Data records
- Opening Delimiter -

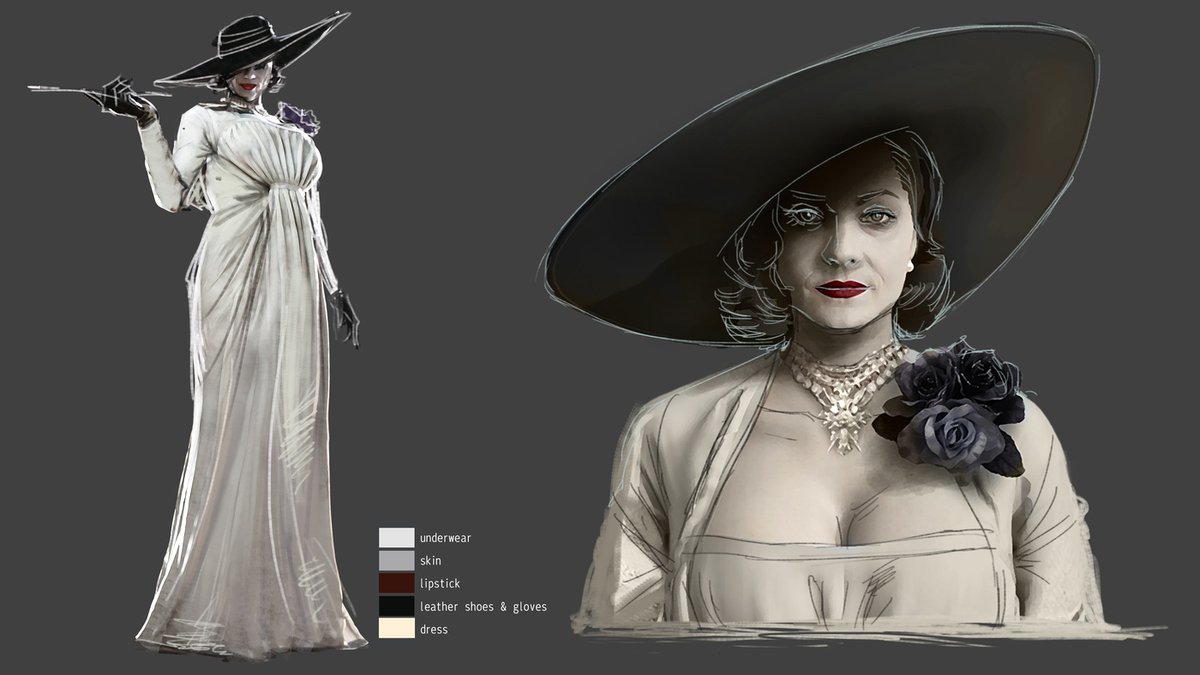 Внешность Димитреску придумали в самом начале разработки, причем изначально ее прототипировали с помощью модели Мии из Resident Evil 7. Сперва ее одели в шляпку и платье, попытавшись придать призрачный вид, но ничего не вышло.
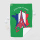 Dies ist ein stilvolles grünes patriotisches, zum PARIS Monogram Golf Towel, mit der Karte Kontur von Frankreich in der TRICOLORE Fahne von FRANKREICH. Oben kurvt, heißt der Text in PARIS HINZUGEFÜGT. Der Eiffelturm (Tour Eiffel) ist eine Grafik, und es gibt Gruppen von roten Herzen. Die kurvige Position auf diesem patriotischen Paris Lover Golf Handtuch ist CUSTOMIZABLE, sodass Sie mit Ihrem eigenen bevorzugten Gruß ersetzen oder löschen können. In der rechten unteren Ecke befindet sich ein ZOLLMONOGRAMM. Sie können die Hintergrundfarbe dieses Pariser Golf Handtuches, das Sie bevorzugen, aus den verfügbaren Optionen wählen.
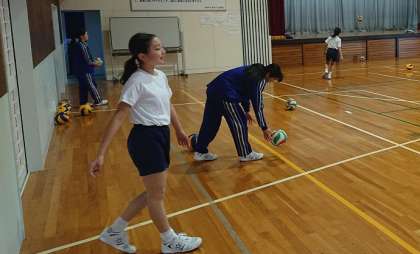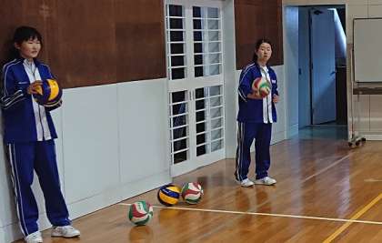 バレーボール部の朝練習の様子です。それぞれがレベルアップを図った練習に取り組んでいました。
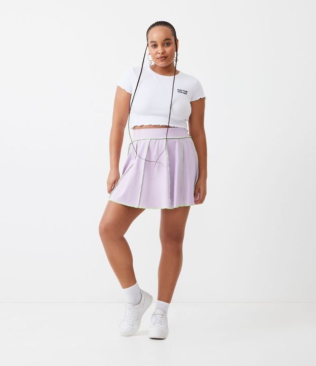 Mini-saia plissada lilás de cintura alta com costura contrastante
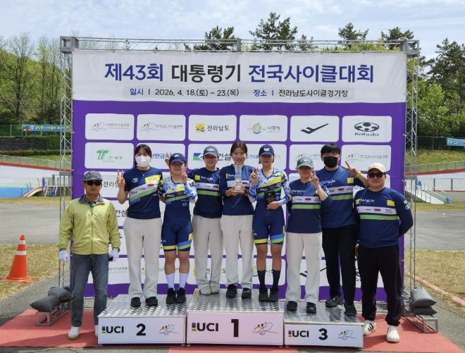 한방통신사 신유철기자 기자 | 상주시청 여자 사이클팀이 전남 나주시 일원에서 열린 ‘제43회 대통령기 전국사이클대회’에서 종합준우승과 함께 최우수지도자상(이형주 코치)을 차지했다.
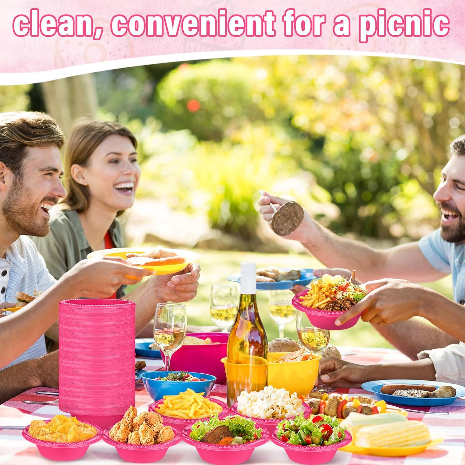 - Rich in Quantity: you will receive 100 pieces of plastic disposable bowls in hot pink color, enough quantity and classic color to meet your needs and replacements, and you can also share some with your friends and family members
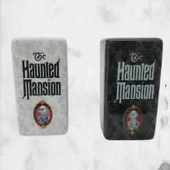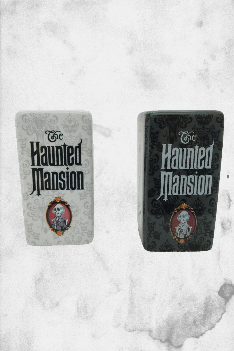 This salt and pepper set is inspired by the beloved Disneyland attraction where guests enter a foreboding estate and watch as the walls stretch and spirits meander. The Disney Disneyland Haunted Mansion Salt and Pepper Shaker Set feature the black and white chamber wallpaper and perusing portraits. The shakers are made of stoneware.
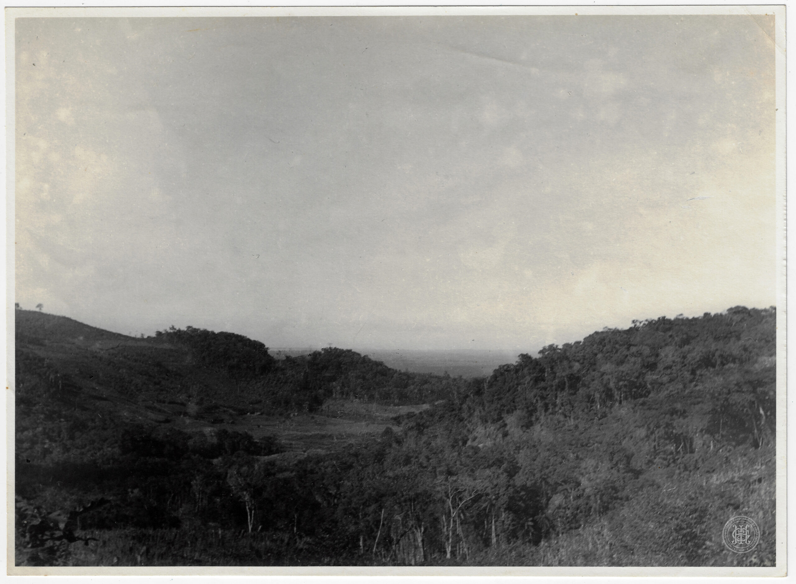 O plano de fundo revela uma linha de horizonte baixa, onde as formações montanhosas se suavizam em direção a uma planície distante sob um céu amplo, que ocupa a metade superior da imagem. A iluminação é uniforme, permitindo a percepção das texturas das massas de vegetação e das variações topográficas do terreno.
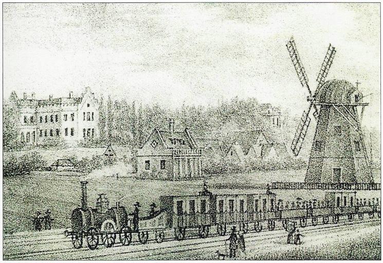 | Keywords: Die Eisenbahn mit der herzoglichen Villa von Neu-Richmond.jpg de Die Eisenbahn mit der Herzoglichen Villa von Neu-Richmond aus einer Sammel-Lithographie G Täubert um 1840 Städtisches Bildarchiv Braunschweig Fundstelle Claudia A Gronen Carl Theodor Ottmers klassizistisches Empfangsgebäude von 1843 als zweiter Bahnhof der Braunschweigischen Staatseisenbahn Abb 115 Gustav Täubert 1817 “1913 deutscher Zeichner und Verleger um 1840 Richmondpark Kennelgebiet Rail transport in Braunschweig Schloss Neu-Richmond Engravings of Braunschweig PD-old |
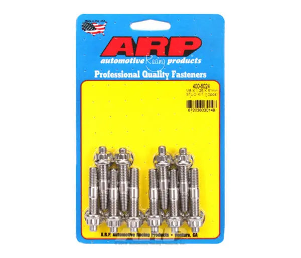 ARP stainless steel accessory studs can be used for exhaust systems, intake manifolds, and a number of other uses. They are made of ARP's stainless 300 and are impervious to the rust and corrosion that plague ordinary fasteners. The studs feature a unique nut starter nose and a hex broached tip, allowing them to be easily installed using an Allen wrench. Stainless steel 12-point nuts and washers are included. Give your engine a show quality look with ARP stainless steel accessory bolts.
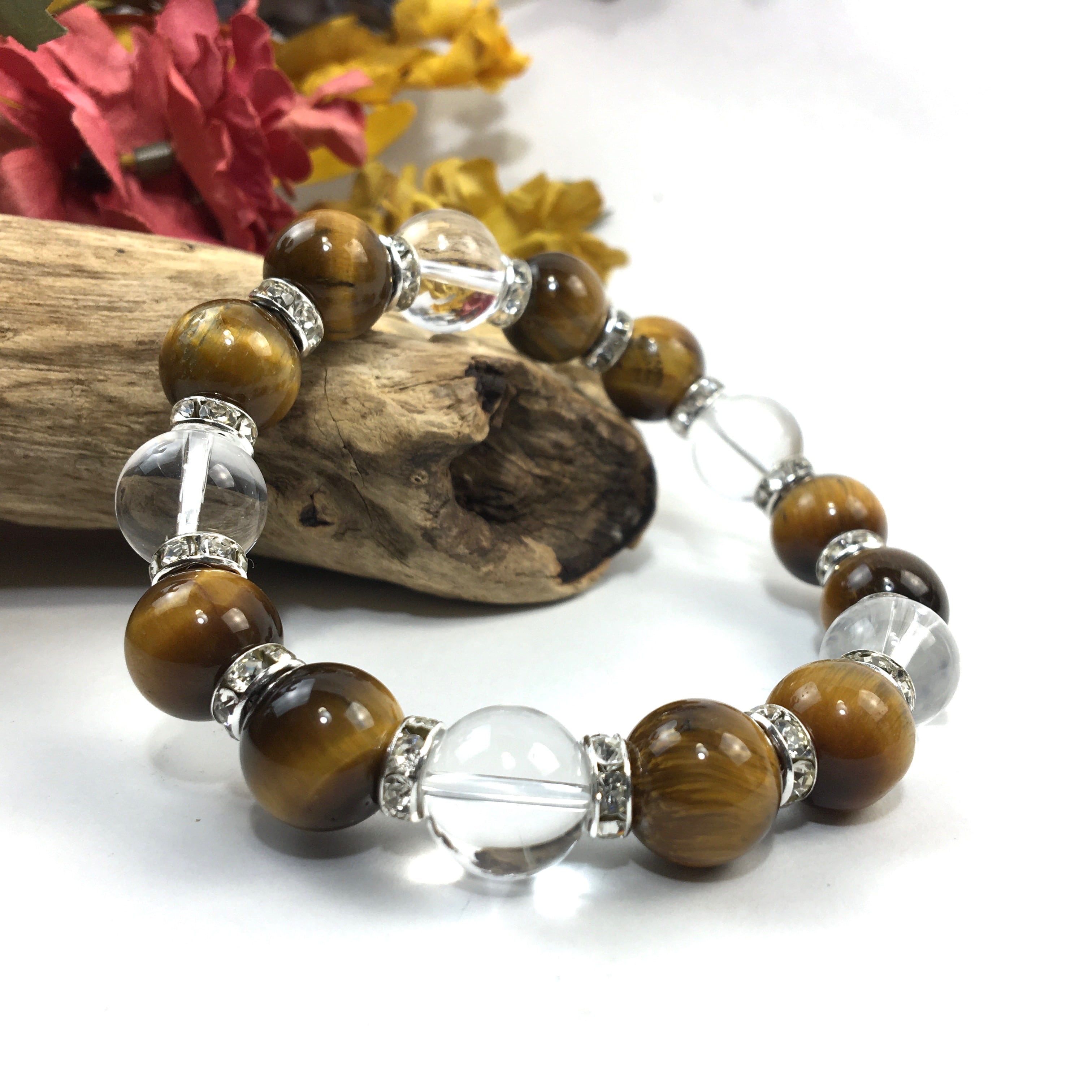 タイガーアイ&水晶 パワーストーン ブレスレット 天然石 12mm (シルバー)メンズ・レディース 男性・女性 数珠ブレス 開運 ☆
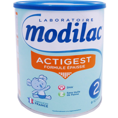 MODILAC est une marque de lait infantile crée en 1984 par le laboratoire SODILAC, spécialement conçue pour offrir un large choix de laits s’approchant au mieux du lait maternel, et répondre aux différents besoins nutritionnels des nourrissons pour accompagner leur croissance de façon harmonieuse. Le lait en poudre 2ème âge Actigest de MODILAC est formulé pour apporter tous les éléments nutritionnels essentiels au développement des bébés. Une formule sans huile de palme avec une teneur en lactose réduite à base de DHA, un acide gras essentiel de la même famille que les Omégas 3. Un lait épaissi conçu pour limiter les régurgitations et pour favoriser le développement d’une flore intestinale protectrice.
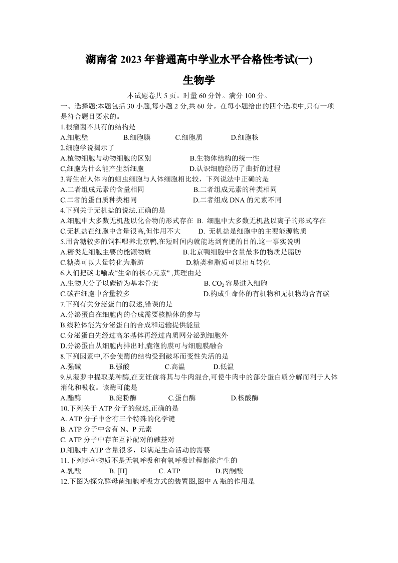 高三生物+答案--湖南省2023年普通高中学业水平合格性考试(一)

- Closing Delimiter -

Retype all the entries word for word; the pictures stay out.

 Внешность Димитреску придумали в самом начале разработки, причем изначально ее прототипировали с помощью модели Мии из Resident Evil 7. Сперва ее одели в шляпку и платье, попытавшись придать призрачный вид, но ничего не вышло.
 Dies ist ein stilvolles grünes patriotisches, zum PARIS Monogram Golf Towel, mit der Karte Kontur von Frankreich in der TRICOLORE Fahne von FRANKREICH. Oben kurvt, heißt der Text in PARIS HINZUGEFÜGT. Der Eiffelturm (Tour Eiffel) ist eine Grafik, und es gibt Gruppen von roten Herzen. Die kurvige Position auf diesem patriotischen Paris Lover Golf Handtuch ist CUSTOMIZABLE, sodass Sie mit Ihrem eigenen bevorzugten Gruß ersetzen oder löschen können. In der rechten unteren Ecke befindet sich ein ZOLLMONOGRAMM. Sie können die Hintergrundfarbe dieses Pariser Golf Handtuches, das Sie bevorzugen, aus den verfügbaren Optionen wählen.
 バレーボール部の朝練習の様子です。それぞれがレベルアップを図った練習に取り組んでいました。
 Mini-saia plissada lilás de cintura alta com costura contrastante
 한방통신사 신유철기자 기자 | 상주시청 여자 사이클팀이 전남 나주시 일원에서 열린 ‘제43회 대통령기 전국사이클대회’에서 종합준우승과 함께 최우수지도자상(이형주 코치)을 차지했다.
 - Rich in Quantity: you will receive 100 pieces of plastic disposable bowls in hot pink color, enough quantity and classic color to meet your needs and replacements, and you can also share some with your friends and family members
 This salt and pepper set is inspired by the beloved Disneyland attraction where guests enter a foreboding estate and watch as the walls stretch and spirits meander. The Disney Disneyland Haunted Mansion Salt and Pepper Shaker Set feature the black and white chamber wallpaper and perusing portraits. The shakers are made of stoneware.
 O plano de fundo revela uma linha de horizonte baixa, onde as formações montanhosas se suavizam em direção a uma planície distante sob um céu amplo, que ocupa a metade superior da imagem. A iluminação é uniforme, permitindo a percepção das texturas das massas de vegetação e das variações topográficas do terreno.
 | Keywords: Die Eisenbahn mit der herzoglichen Villa von Neu-Richmond.jpg de Die Eisenbahn mit der Herzoglichen Villa von Neu-Richmond aus einer Sammel-Lithographie G Täubert um 1840 Städtisches Bildarchiv Braunschweig Fundstelle Claudia A Gronen Carl Theodor Ottmers klassizistisches Empfangsgebäude von 1843 als zweiter Bahnhof der Braunschweigischen Staatseisenbahn Abb 115 Gustav Täubert 1817 “1913 deutscher Zeichner und Verleger um 1840 Richmondpark Kennelgebiet Rail transport in Braunschweig Schloss Neu-Richmond Engravings of Braunschweig PD-old |
 ARP stainless steel accessory studs can be used for exhaust systems, intake manifolds, and a number of other uses. They are made of ARP's stainless 300 and are impervious to the rust and corrosion that plague ordinary fasteners. The studs feature a unique nut starter nose and a hex broached tip, allowing them to be easily installed using an Allen wrench. Stainless steel 12-point nuts and washers are included. Give your engine a show quality look with ARP stainless steel accessory bolts.
 タイガーアイ&水晶 パワーストーン ブレスレット 天然石 12mm (シルバー)メンズ・レディース 男性・女性 数珠ブレス 開運 ☆
 MODILAC est une marque de lait infantile crée en 1984 par le laboratoire SODILAC, spécialement conçue pour offrir un large choix de laits s’approchant au mieux du lait maternel, et répondre aux différents besoins nutritionnels des nourrissons pour accompagner leur croissance de façon harmonieuse. Le lait en poudre 2ème âge Actigest de MODILAC est formulé pour apporter tous les éléments nutritionnels essentiels au développement des bébés. Une formule sans huile de palme avec une teneur en lactose réduite à base de DHA, un acide gras essentiel de la même famille que les Omégas 3. Un lait épaissi conçu pour limiter les régurgitations et pour favoriser le développement d’une flore intestinale protectrice.
 高三生物+答案--湖南省2023年普通高中学业水平合格性考试(一)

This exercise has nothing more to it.